Neue Fatigue-Skala aus Würzburg

 

Die starke Erschöpfbarkeit, die sogenannte Fatigue, macht vielen MS-Patienten das Leben schwer. »Der Verbesserung der gesundheitsbezogenen Lebensqualität bei der MS-Therapie wird eine immer größere Bedeutung beigemessen«, betonte Privatdozent Dr. Peter Flachenecker vom Neurologischen Rehabilitationszentrum Quellenhof, Bad Wildbad. Die Lebensqualität von MS-Patienten wird neben der körperlichen Behinderung vor allem durch Fatigue und Depression beeinträchtigt. Ein neu entwickelter Fragebogen, das »Würzburger Erschöpfungs-Inventar bei Multipler Sklerose« (WEIMuS-Skala) zielt darauf ab, die Fatigue zu quantifizieren und körperliche und kognitive Komponenten separat darzustellen.

 

Die Skala, die an 580 MS-Patienten und 160 gesunden Kontrollen validiert wurde, soll helfen, Ursachen und Therapiemöglichkeiten der MS besser zu erforschen. Sie besteht aus 17 Fragen mit einer Bewertung von 0 bis 4. Die Skala zeigt eine hohe Zuverlässigkeit, ist gut reproduzierbar und mit weniger Fragen ökonomischer auszuwerten als bisherige Fragebögen.

 

Cortison-Stoßtherapie

 

»Seit den 1990er-Jahren wurden verschiedene Therapiemaßnahmen für Patienten mit aktivem Krankheitsverlauf einer schubförmigen MS zugelassen«, informierte Privatdozent Dr.
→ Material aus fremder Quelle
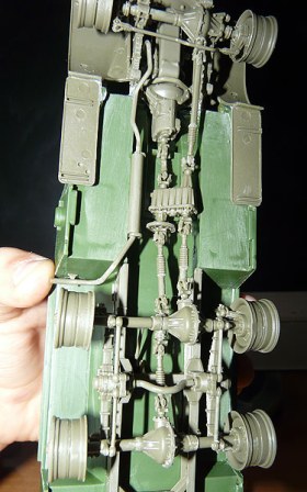 Ходовая от Трампа сделана также не в пример аккуратнее родной СКИФовской (из-за нее собственно и покупался ЗИЛ). Вначале приклеил мосты-рессоры, затем вклеивались карданные валы (валы, идущие с промежуточной опоры на раздатку и с переднего моста на нее же, пришлось разрезать, удалить миллиметра по 3 и склеить снова - иначе не влезали). В общем, получилось так.
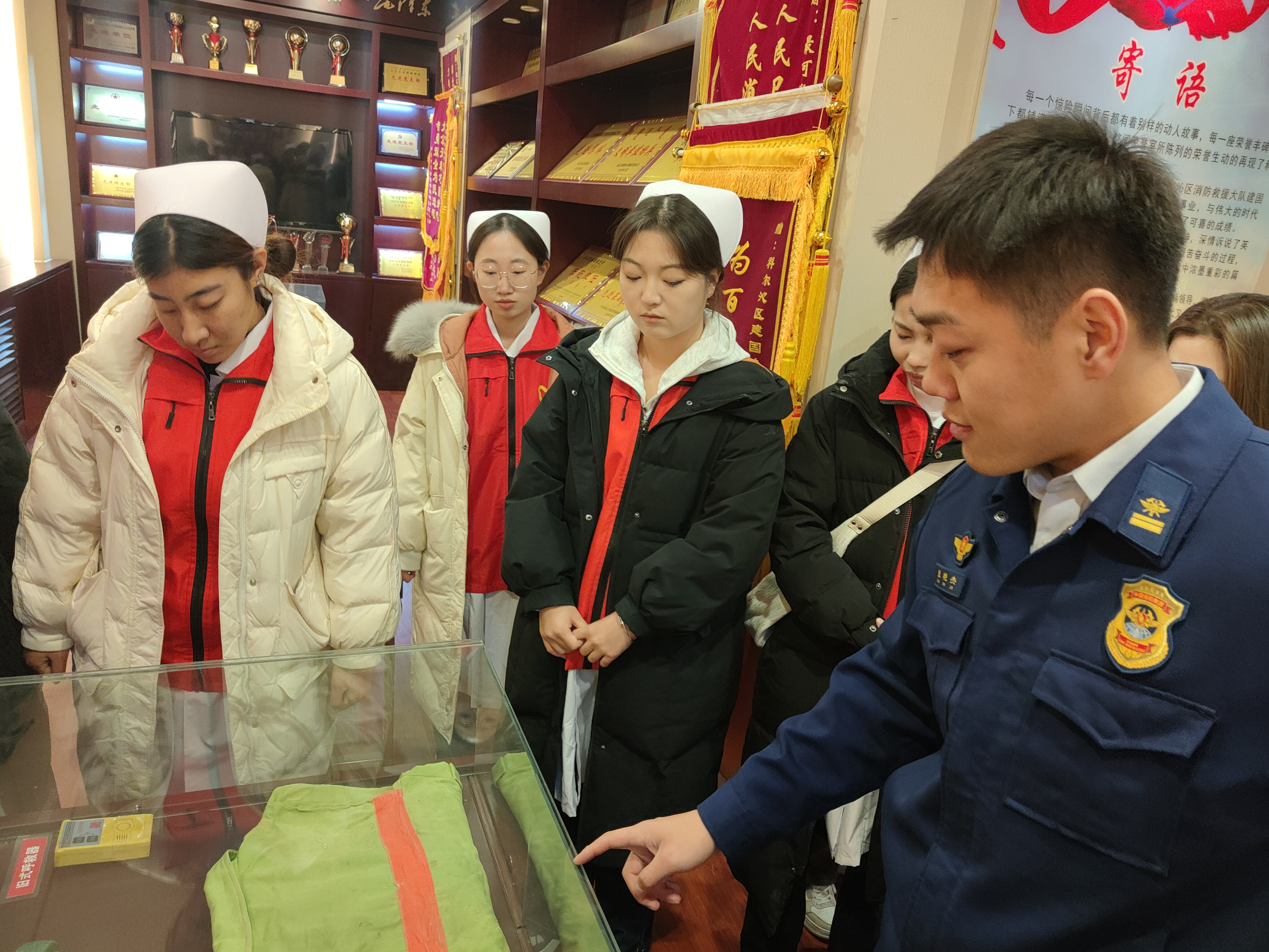随后消防站班长张艳杰带领同学们一同参观消防历史展厅,通过陈列的消防装备、消防英雄事迹、火灾事故案例等内容进一步了解了消防员们在不同历史时期的工作场景和英勇事迹,让同学们更加深刻理解消防工作的严峻性和必要性。
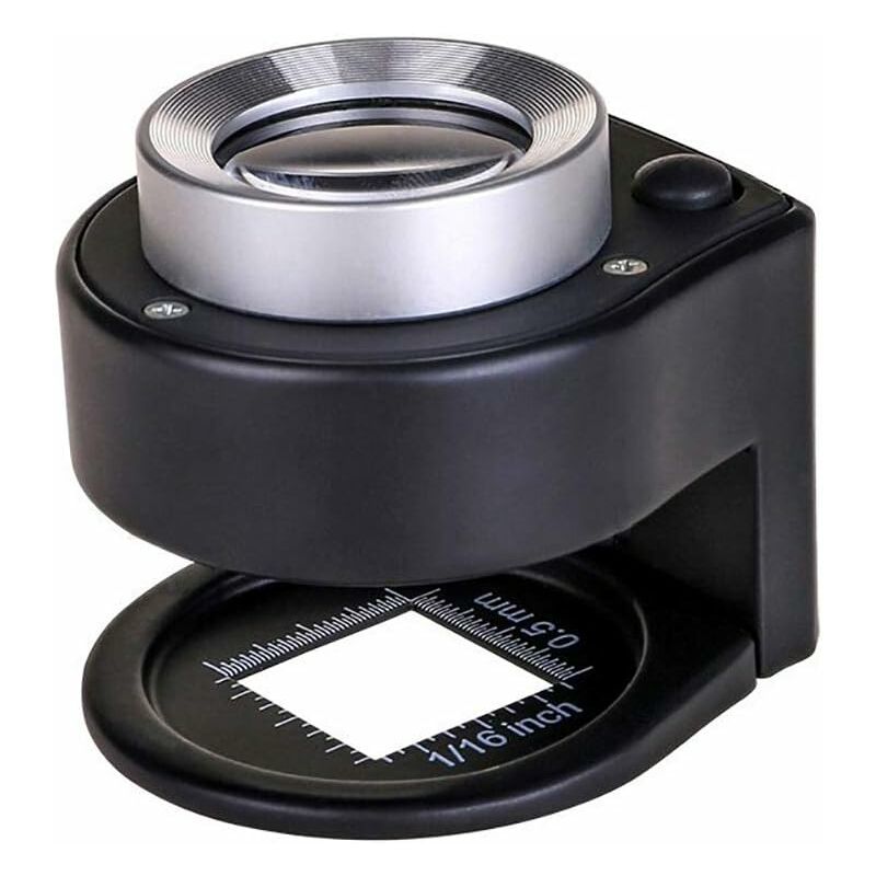 Lenti d'ingrandimento con luce: Questa lente d'ingrandimento incorpora 6 luci a LED, 3 luci bianche per l'osservazione generalmente ingrandita e 3 lampade UV per la lente d'ingrandimento del rilevatore di denaro. Queste luci LED a risparmio energetico sono progettate per aiutarti a leggere di notte o in luoghi bui. Ingrandimento 30X Doppi obiettivi da 25 mm: Con un diametro di 25 mm / 0,98 pollici, questa lente in vetro ottico a doppio rivestimento fornisce un'immagine chiara e una buona trasmissione della luce. L'obiettivo 30X è perfetto per miniature, gioielli o ispezioni professionali. Forte e durevole: Realizzato in robusta lega di zinco con vernice nera. Ci sono due scale precise: 1/16 di pollice e 0,5 mm sulla base. Puoi misurare rapidamente le dimensioni dell'oggetto. Questa lente d'ingrandimento per microscopio è abbastanza resistente e non si danneggia facilmente. Mani libere e facile da usare: La lunghezza focale di questa lente d'ingrandimento da tavolo è fissa e non
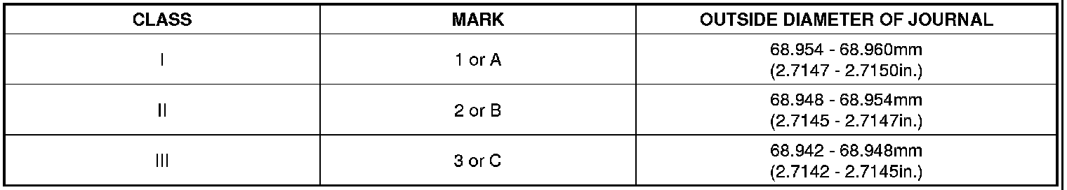 Main journal diameter : 68.942 - 68.960mm (2.7142 - 2.7149in.)
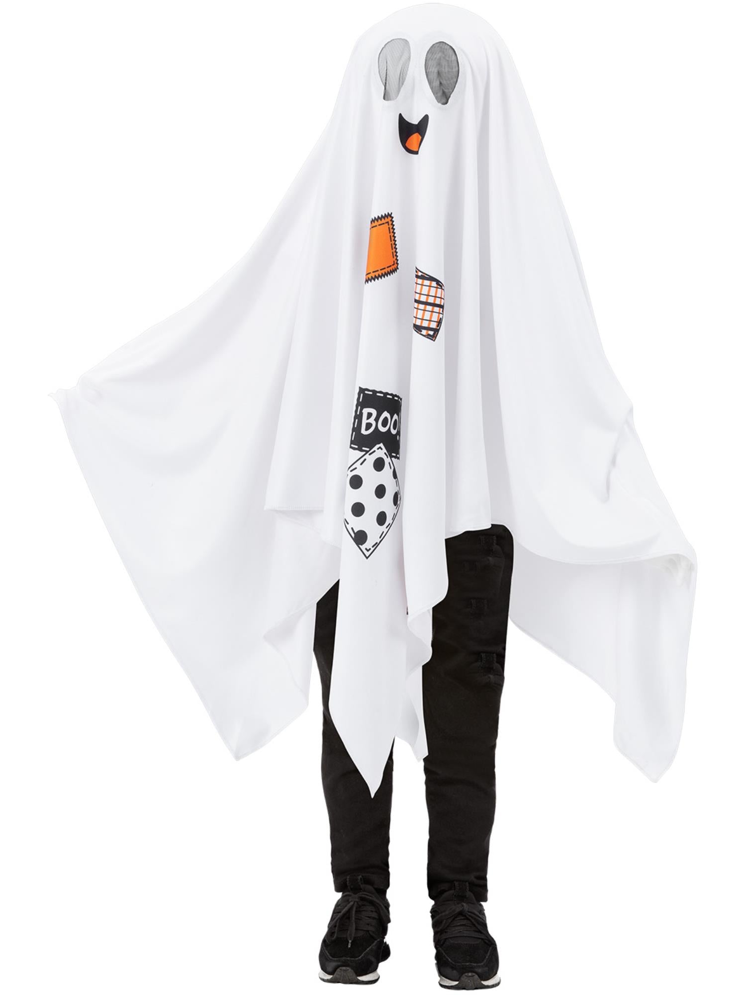 Boo Ghost Costume Hooded Poncho with Internal Headband
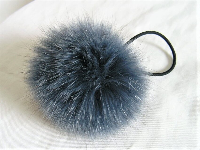 ¶ new antique fur ¶ 青染めフォックスファー大き目ボンボンヘアゴム
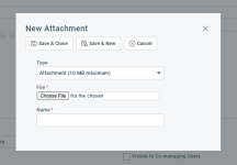 In this section, you add new attachments. They are saved as replies to the note or time entry they are added to.
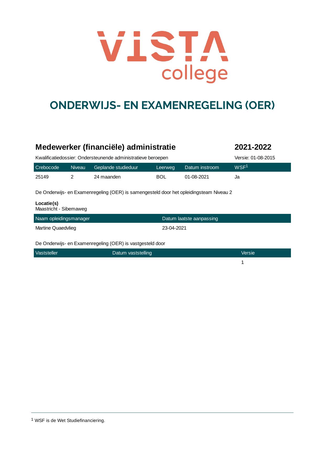 Medewerker (financiële) administratie 1F25149BV2V1 in cohort 2021-2022
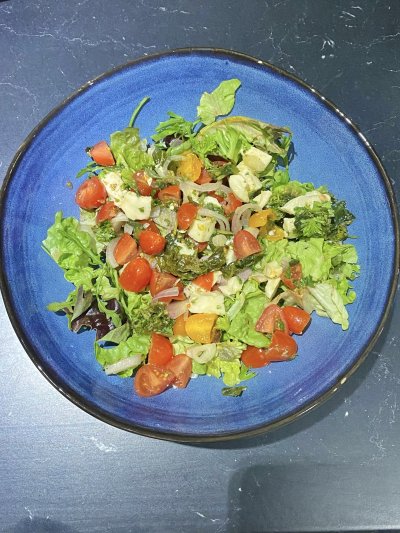 Maak eerste de dessing: snipper de sjalot, hak de knoflook en hak de basilicum en peterselie. Meng met de olijfolie, citroensap en een snuf peper en zout. Maak nu de salade: snijd de mozzarella in stukjes en de (gewassen) tomaatjes in helften. Voeg toe aan de sla en meng met de dressing. Bon appetit.
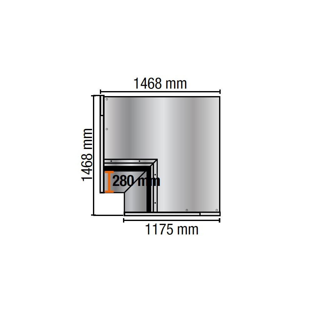 Dimensioni: 1468 x 1468 x 1175 mm | 370 Watt | Superfice 1,54 m2
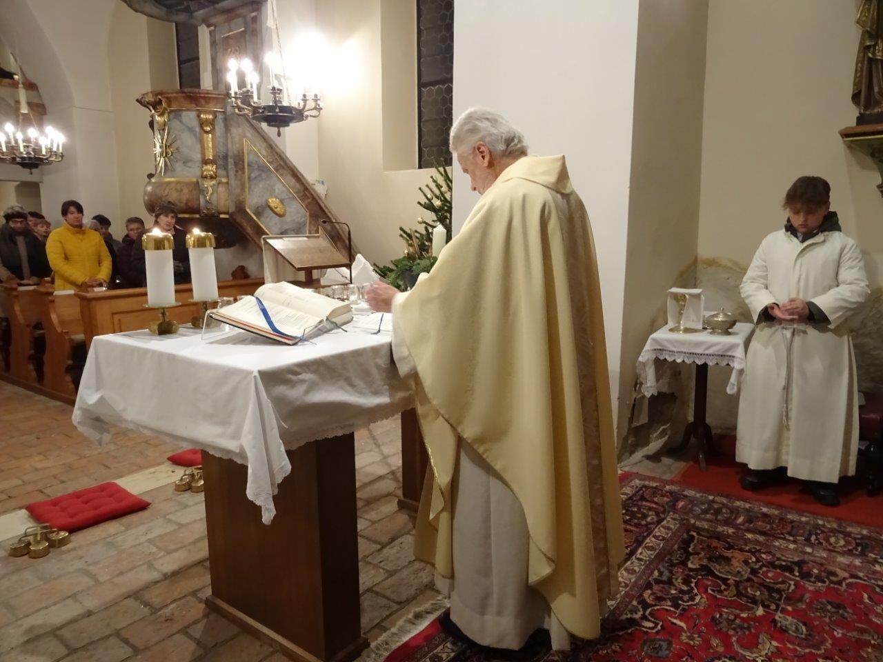 Pater Norbert feierte in der Kirche in Ameis die diesjährige Christmette mit der Pfarrgemeinde.

Michael Haupts vom Zentrum für Medizinische Rehabilitation in Bielefeld. Wirksamkeit und Sicherheit der meisten Medikamente gegen MS sind in Studien mit Laufzeiten von zwei bis drei Jahren dokumentiert. Während eines akuten Schubs werden hoch dosiert Glucocorticoide über drei bis fünf Tage gegeben (»Cortison-Stoßtherapie«).

 

In zahlreichen Studien wurden die immunmodulatorischen Therapien in Bezug auf die Reduktion von Schubraten, Entzündungsherden im ZNS und Wirkeintritt verglichen. Bei der schubförmig-remittierenden Form der MS sind Glatirameracetat und drei in Deutschland zugelassene Interferon-&#946-Präparate Mittel der ersten Wahl.

 

Da es sich bei der MS-Behandlung um eine Langzeittherapie handelt, sind Langzeitdaten von großer Bedeutung. Der Immunmodulator Glatirameracetat verfügt mit einer zweijährigen randomisierten Zulassungsstudie, die seit zehn Jahren als prospektive Beobachtungsstudie fortgesetzt wird und in der die mittlere Behandlungsdauer der Patienten derzeit bei acht Jahren liegt, über solche Daten. Glatirameracetat besteht aus einem polymerisierten Gemisch der vier wichtigsten Aminosäuren des basischen Myelinproteins im selben Verhältnis wie beim Myelin. Es reduziert die Schubfrequenz und zeigt eine lang anhaltende Wirksamkeit. So ging die mittlere Schubfrequenz der Patienten von anfänglich 1,2 Schüben pro Jahr auf weniger als 0,2 Schübe im zwölften Therapiejahr zurück. Im Vergleich zu den Interferonen reduzierte Glatirameracetat am stärksten die Schubfrequenz.

 

Als Wirkungsmechanismus wird vermutet, dass Glatirameracetat die Zahl von T-Suppressorzellen, die die Entzündung im ZNS unterdrücken können, erhöht. Glatirameracetat ist indiziert zur Verminderung der Schubhäufigkeit bei Patienten, die ohne Hilfe gehfähig sind und bei denen mindestens zwei Schübe mit neurologischen Funktionsstörungen während der letzten beiden Jahre auftraten. In einer Dosierung von 20 mg/ml wird Copaxone einmal täglich subcutan gespritzt.